All of the data below should come back exactly as written, minus its images.

--- Given material ---

- - - -

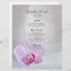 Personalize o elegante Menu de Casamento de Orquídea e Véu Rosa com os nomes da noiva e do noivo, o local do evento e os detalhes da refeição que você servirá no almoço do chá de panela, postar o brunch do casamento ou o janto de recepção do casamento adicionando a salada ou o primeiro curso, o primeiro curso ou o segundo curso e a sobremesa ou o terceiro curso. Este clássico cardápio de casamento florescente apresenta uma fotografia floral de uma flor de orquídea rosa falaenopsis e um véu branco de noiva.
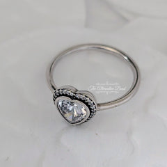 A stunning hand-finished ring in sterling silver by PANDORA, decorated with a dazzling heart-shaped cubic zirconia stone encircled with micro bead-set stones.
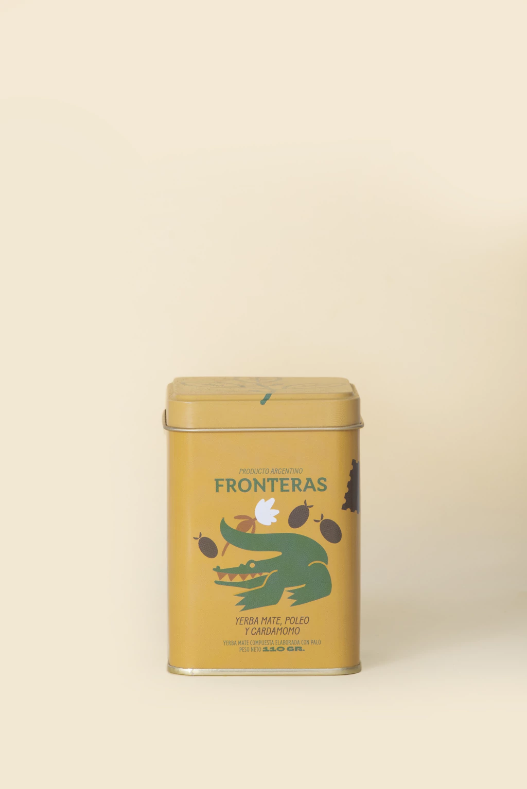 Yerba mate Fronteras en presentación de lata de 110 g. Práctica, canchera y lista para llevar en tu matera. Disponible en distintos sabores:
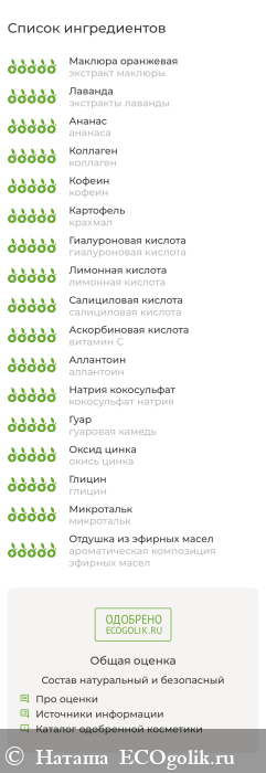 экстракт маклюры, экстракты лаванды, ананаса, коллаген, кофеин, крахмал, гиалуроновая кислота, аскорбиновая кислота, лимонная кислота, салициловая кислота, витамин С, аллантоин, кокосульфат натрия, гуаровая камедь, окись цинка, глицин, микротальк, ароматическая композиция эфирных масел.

- - - -

--- Answer space ---
 Personalize o elegante Menu de Casamento de Orquídea e Véu Rosa com os nomes da noiva e do noivo, o local do evento e os detalhes da refeição que você servirá no almoço do chá de panela, postar o brunch do casamento ou o janto de recepção do casamento adicionando a salada ou o primeiro curso, o primeiro curso ou o segundo curso e a sobremesa ou o terceiro curso. Este clássico cardápio de casamento florescente apresenta uma fotografia floral de uma flor de orquídea rosa falaenopsis e um véu branco de noiva.
 A stunning hand-finished ring in sterling silver by PANDORA, decorated with a dazzling heart-shaped cubic zirconia stone encircled with micro bead-set stones.
 Yerba mate Fronteras en presentación de lata de 110 g. Práctica, canchera y lista para llevar en tu matera. Disponible en distintos sabores:
 экстракт маклюры, экстракты лаванды, ананаса, коллаген, кофеин, крахмал, гиалуроновая кислота, аскорбиновая кислота, лимонная кислота, салициловая кислота, витамин С, аллантоин, кокосульфат натрия, гуаровая камедь, окись цинка, глицин, микротальк, ароматическая композиция эфирных масел.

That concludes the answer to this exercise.